Push to allow visits to Potters Field

Push to allow visits to Potters Field
Photo by Joel Sternfeld/courtesy Hart Island Project

Potter’s field a park?

A well-established grassroots organization is advocating just that for Hart Island just off City Island.

The Hart Island Project’s Melinda Hunt made a presentation before Community Board 10’s Parks and Recreation committee on Monday, Jan. 13 asking the board’s support for for a bill to be re-introduced by Queens Councilwoman Elizabeth Crowley to amend the city’s administrative code, turning over jurisdiction of the island from the Department of Corrections to the Parks Department.
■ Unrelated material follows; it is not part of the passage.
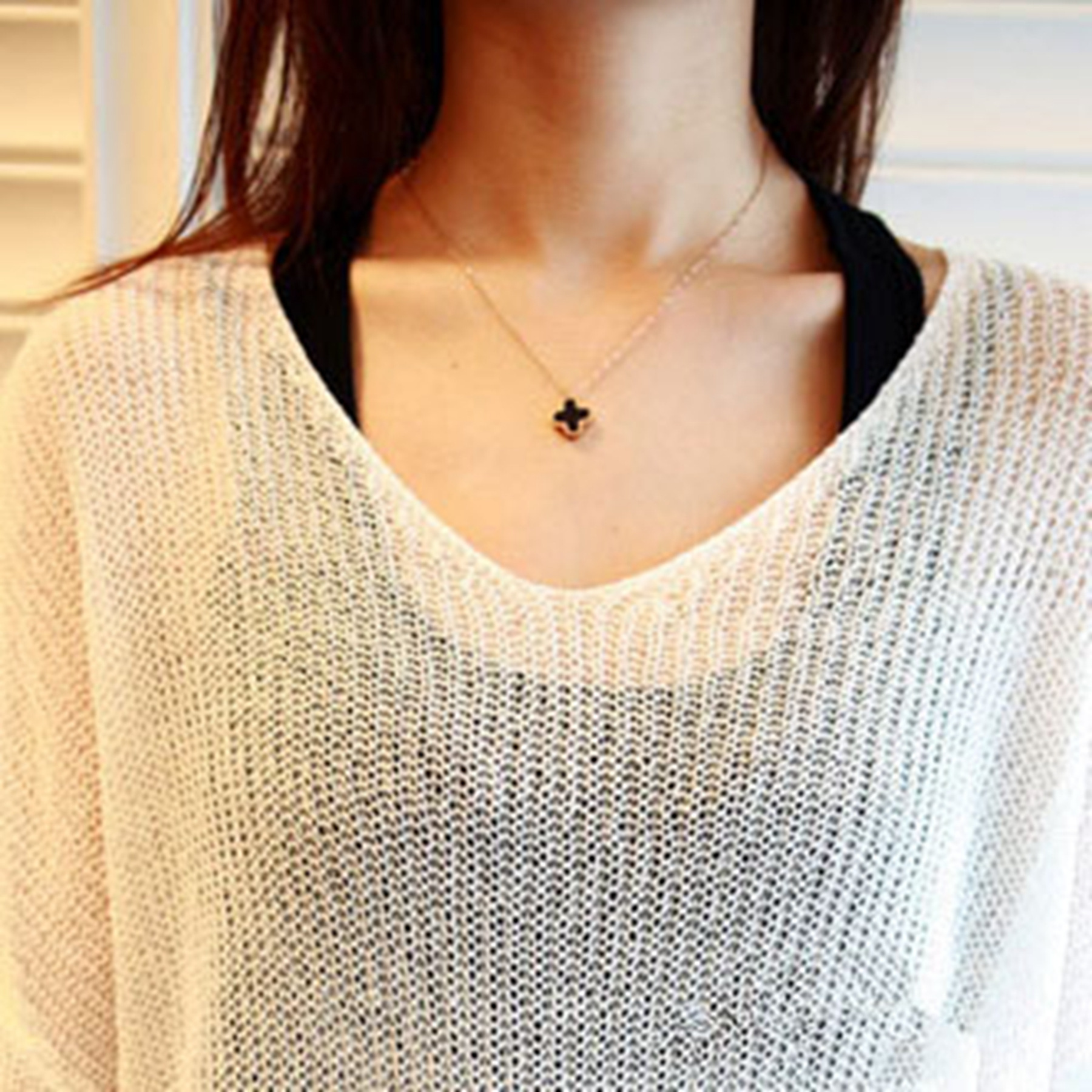 New Titanium Steel Four-Leaf Clover Double-Sided Titanium Steel Necklace, One Side Jewelry Shell, One Side Black Rose Gold Girls Necklace

The city has buried indigent New Yorkers there since just after the Civil War, with close to one million burials, including infants and children.

The idea, Hunt explained, is to allow the families of the deceased a chance to visit the potter’s field grave sites without having to go through Corrections’ rigorous screening processes.

Prisoners from Rikers Island dig the graves. They are ferried to and from the island from the eastern end of Fordham Street on City Island, she said. The DOC strictly limits access, with any visitors permitted no further than a gazebo near the dock on Hart Island, far from the actual burial sites, she said.

She said that while she and Project have a cordial relationship with the DOC, that “they are just the wrong city agency to manage public visitation of a cemetery.”

“A mother should not have to go through Rikers Island procedures to visit her child,” she said.

She added: “DOC officers are paid to do a dangerous job, and I think the City Council needs to update the administrative code and assign it to an appropriate agency.”

Crowley spokesman Eric Yun said the councilwoman believes Hart Island is a place to which the public deserves greater access and that the matter should be explored.

CB 10’s Parks Committee urged Hunt to visit the City Island Civic Association to speak about her ideas and logistical issues that would bring more visitors to Hart Island, because it could affect City Island.

“The one main objection that I have is how much are you going to overtax the Parks Department,” said committee member James McQuade, adding that Parks is limited by budgetary constraints, and that they cannot even get something as simple as Parks Enforcement Police officers for Ferry Point Park.

McQuade called Hart Island “one of the most beautiful sites on earth,” echoing Hunt’s comments that the burial site is “a glorious location.”

Parks Department spokesman Nathan Arnosti stated in an e-mail that “Hart Island remains an active burial site, NYC Parks has refused jurisdiction.”

Hunt, a graphic artist, said she first became interested in Hart Island when she visited it in 1991 to photograph sites that late-19th and early-20th century journalist and photographer Jacob Riis cataloged 100 years earlier.

“I was surprised on how beautiful a place it was,” she said, adding “it was a sad place, but not a dark place.”